> [WORK TO BE COMPLETED] Below is a listing. Quote from it, exactly, the lines from the one containing "Subtle shades gently" down to the one containing "2)  Columns layout", both ends included, and nothing else.

> [INPUT MATERIAL]

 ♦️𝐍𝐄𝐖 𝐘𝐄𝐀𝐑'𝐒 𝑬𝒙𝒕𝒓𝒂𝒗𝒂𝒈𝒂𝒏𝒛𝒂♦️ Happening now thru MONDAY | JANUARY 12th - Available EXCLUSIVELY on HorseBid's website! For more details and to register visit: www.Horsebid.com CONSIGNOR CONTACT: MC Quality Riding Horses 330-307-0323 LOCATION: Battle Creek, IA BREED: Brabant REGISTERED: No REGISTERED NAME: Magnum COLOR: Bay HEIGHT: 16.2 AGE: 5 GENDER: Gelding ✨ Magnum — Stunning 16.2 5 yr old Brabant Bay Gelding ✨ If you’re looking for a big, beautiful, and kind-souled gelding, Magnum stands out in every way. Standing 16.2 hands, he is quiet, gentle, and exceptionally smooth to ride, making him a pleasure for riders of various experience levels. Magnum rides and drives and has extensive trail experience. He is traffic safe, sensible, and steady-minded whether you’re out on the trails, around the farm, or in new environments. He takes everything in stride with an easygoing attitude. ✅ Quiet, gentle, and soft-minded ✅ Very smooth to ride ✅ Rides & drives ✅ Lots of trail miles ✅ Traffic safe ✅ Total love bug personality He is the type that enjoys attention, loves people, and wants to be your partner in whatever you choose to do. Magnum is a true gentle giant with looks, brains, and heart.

* * *

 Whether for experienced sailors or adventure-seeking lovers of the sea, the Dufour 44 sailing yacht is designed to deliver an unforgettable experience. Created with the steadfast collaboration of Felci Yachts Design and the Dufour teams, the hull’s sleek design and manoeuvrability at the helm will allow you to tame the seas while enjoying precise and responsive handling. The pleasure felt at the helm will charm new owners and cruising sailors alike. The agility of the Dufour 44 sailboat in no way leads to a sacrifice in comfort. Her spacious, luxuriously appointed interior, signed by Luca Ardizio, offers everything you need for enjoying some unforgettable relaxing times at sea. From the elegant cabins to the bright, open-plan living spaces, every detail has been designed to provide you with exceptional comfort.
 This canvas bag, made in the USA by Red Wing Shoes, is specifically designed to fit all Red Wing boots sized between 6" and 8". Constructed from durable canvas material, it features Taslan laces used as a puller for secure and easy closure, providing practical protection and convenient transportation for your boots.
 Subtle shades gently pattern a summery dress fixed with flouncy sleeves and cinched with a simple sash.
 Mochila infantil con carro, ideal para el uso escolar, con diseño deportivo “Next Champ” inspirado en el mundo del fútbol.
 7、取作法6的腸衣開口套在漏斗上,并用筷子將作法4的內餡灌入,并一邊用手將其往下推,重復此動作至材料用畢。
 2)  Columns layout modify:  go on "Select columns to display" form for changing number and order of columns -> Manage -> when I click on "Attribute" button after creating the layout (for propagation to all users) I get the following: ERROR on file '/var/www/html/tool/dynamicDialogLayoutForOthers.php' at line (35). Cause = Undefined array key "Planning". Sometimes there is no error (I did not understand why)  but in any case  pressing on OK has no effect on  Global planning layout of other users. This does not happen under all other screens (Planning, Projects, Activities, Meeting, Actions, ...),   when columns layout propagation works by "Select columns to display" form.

==

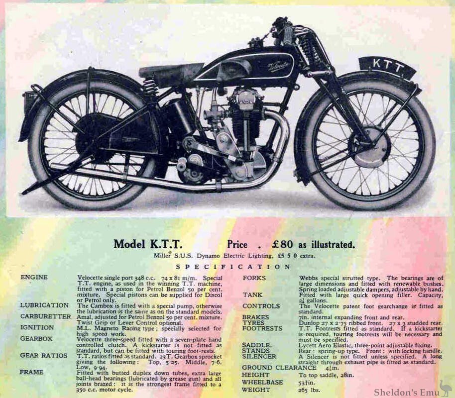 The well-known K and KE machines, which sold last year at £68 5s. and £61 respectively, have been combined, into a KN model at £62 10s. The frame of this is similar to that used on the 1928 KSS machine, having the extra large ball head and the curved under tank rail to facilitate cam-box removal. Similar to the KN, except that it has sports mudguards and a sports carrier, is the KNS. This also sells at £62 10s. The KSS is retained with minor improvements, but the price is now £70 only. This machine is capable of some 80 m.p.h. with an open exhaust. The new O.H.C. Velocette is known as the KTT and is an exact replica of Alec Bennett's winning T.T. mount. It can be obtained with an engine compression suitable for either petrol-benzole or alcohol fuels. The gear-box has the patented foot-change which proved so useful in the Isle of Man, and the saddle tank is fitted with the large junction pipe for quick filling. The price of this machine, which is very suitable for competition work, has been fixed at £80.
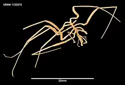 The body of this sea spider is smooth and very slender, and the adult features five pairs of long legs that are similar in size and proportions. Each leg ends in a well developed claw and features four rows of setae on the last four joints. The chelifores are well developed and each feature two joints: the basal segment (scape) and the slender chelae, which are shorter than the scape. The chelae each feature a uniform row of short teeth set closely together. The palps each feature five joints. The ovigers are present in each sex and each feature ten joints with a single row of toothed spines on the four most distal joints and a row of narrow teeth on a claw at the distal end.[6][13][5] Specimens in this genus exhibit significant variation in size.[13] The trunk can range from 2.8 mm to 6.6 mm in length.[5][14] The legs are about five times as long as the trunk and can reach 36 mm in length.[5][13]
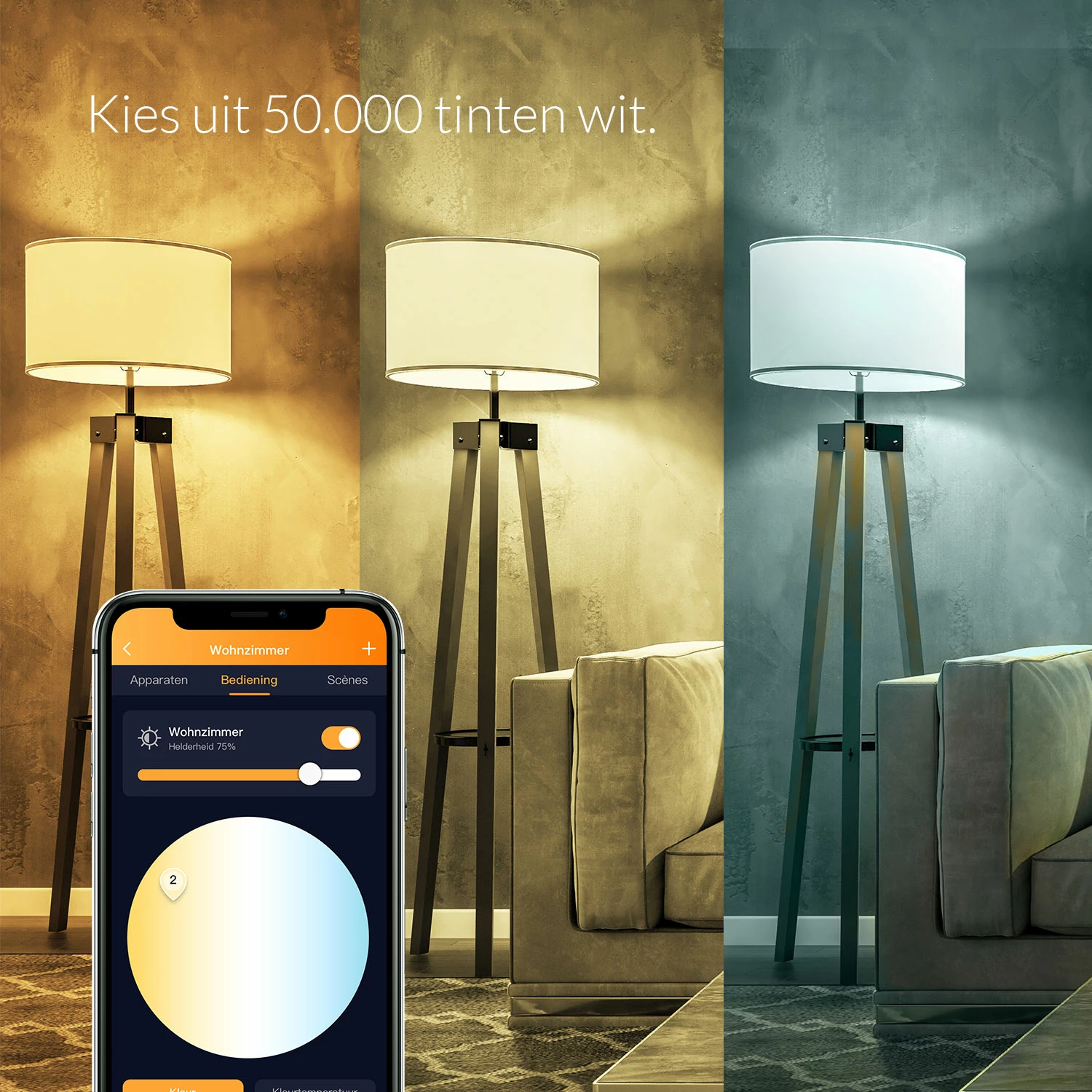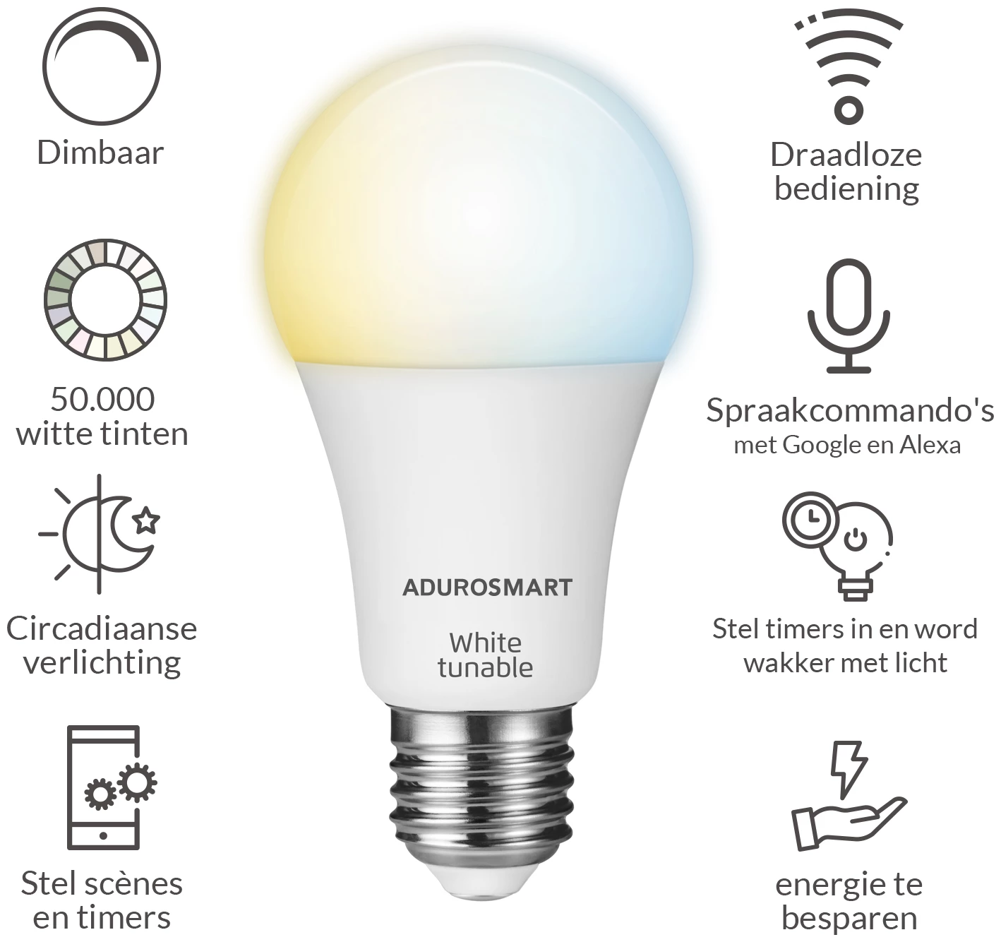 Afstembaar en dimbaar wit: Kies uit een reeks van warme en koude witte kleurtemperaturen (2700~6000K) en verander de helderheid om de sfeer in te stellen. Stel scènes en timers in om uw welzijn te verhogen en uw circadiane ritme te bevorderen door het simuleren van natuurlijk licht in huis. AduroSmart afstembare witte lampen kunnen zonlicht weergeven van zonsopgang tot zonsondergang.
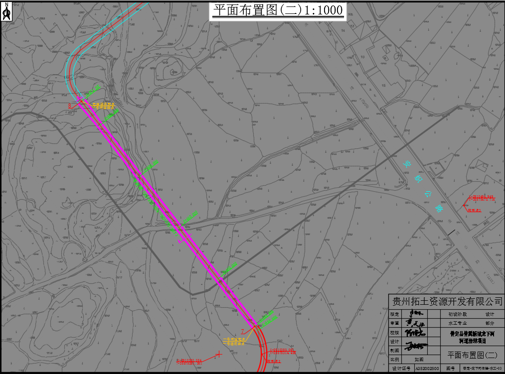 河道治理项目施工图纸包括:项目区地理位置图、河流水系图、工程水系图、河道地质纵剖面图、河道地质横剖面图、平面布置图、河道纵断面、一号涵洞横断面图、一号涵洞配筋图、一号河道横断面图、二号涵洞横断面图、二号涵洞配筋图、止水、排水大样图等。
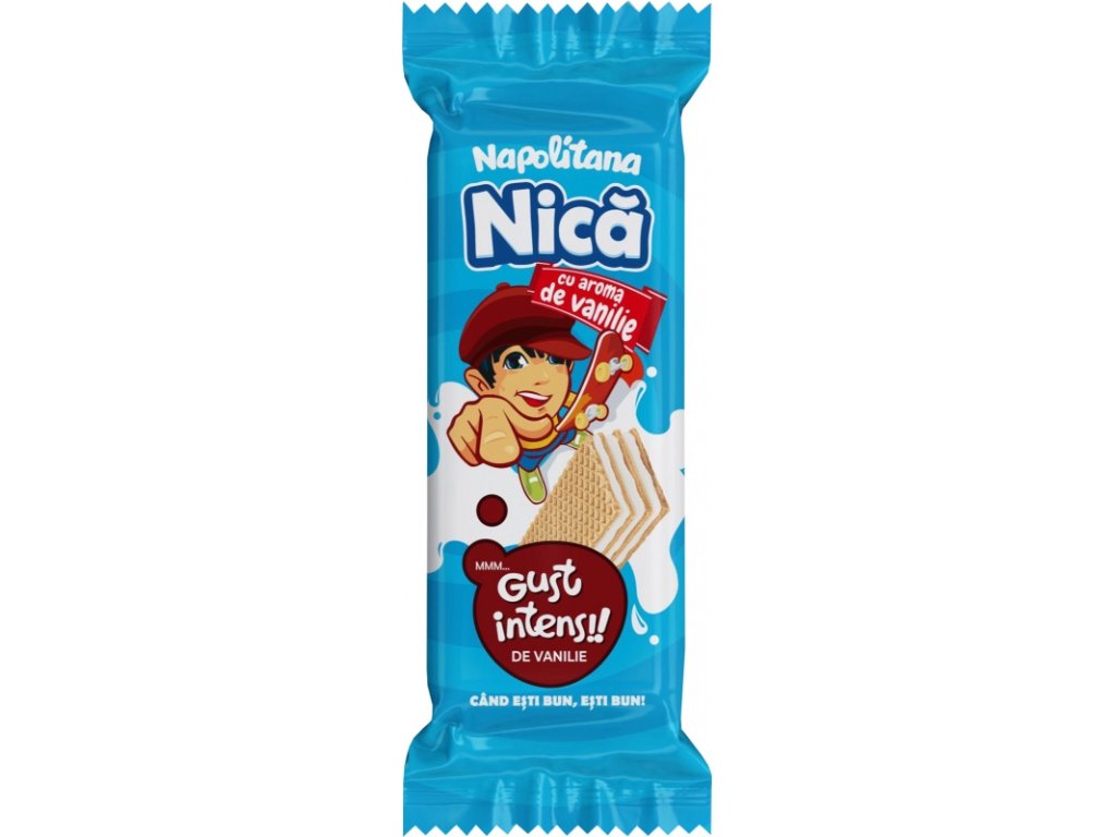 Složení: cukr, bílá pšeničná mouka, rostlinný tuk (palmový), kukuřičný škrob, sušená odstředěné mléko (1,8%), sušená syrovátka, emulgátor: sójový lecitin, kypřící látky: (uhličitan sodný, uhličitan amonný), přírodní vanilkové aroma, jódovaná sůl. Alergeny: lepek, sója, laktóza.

> [THE COMPLETED TASK]
 Subtle shades gently pattern a summery dress fixed with flouncy sleeves and cinched with a simple sash.
 Mochila infantil con carro, ideal para el uso escolar, con diseño deportivo “Next Champ” inspirado en el mundo del fútbol.
 7、取作法6的腸衣開口套在漏斗上,并用筷子將作法4的內餡灌入,并一邊用手將其往下推,重復此動作至材料用畢。
 2)  Columns layout modify:  go on "Select columns to display" form for changing number and order of columns -> Manage -> when I click on "Attribute" button after creating the layout (for propagation to all users) I get the following: ERROR on file '/var/www/html/tool/dynamicDialogLayoutForOthers.php' at line (35). Cause = Undefined array key "Planning". Sometimes there is no error (I did not understand why)  but in any case  pressing on OK has no effect on  Global planning layout of other users. This does not happen under all other screens (Planning, Projects, Activities, Meeting, Actions, ...),   when columns layout propagation works by "Select columns to display" form.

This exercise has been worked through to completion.